What is required: Starting at the first line of the data and ending at the line with "Download the Orchestration", copy each line exactly. Include both of those lines, but no pictures.

Dataset content:

==*==

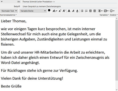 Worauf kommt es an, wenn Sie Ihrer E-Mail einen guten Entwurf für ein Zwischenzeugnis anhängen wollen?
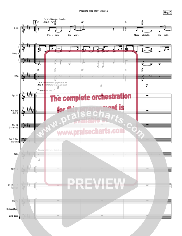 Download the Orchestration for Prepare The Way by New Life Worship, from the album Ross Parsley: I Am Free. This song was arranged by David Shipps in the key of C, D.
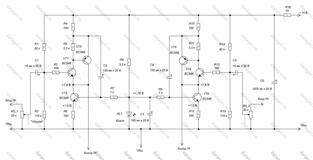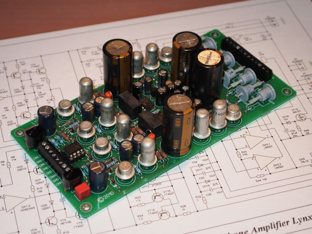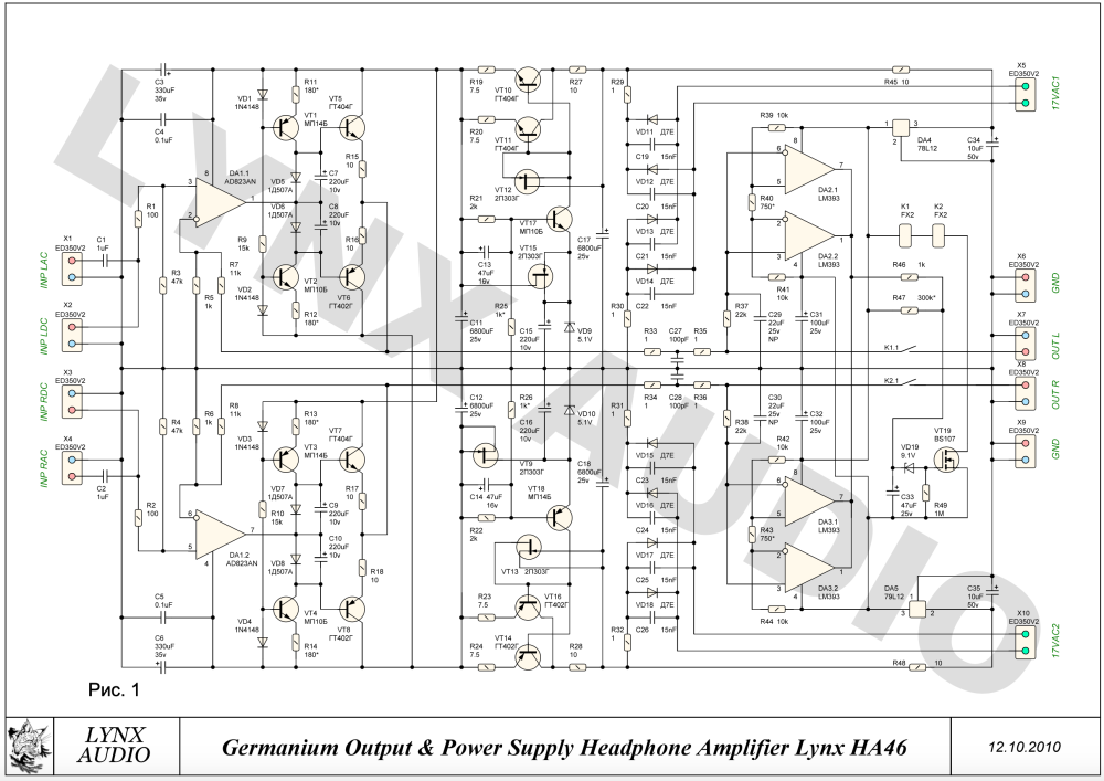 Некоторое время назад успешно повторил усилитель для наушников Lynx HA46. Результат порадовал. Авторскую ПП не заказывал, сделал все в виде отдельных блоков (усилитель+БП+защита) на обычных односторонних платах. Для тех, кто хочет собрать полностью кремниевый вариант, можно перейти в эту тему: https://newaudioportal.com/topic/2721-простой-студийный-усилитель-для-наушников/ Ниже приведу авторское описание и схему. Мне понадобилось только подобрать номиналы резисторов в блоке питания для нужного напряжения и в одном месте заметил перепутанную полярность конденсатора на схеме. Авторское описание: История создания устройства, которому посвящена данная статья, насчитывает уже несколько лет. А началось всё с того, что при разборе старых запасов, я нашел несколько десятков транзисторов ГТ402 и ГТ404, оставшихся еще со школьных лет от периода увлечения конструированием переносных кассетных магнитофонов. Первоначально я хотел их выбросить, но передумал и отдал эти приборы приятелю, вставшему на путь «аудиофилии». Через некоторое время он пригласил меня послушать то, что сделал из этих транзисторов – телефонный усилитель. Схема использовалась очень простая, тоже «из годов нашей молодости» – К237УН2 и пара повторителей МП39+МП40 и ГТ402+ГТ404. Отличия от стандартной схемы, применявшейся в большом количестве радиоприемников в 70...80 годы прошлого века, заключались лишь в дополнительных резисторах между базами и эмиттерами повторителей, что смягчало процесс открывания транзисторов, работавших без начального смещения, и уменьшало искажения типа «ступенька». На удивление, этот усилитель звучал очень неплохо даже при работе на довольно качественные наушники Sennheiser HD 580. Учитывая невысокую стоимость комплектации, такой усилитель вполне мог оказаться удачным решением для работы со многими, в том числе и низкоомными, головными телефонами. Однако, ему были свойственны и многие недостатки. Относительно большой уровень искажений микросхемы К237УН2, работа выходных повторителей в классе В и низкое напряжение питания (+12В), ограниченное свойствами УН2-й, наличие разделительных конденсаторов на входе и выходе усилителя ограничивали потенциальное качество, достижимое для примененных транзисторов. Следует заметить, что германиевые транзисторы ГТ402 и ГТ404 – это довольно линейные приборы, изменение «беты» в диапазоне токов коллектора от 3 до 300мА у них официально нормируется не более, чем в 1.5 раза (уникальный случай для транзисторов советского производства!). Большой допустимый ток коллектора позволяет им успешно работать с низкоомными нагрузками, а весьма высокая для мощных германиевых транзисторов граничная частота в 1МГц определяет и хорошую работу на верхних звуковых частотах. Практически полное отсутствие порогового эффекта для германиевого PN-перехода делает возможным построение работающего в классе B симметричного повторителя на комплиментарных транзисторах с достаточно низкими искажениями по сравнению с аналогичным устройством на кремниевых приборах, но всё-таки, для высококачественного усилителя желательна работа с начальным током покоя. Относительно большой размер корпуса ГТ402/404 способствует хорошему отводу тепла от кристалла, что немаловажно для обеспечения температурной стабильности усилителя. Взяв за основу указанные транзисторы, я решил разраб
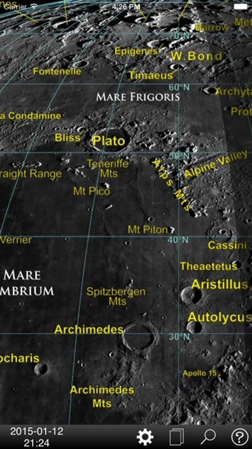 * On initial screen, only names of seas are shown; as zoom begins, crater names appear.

==*==

Solution to the problem:
 Worauf kommt es an, wenn Sie Ihrer E-Mail einen guten Entwurf für ein Zwischenzeugnis anhängen wollen?
 Download the Orchestration for Prepare The Way by New Life Worship, from the album Ross Parsley: I Am Free. This song was arranged by David Shipps in the key of C, D.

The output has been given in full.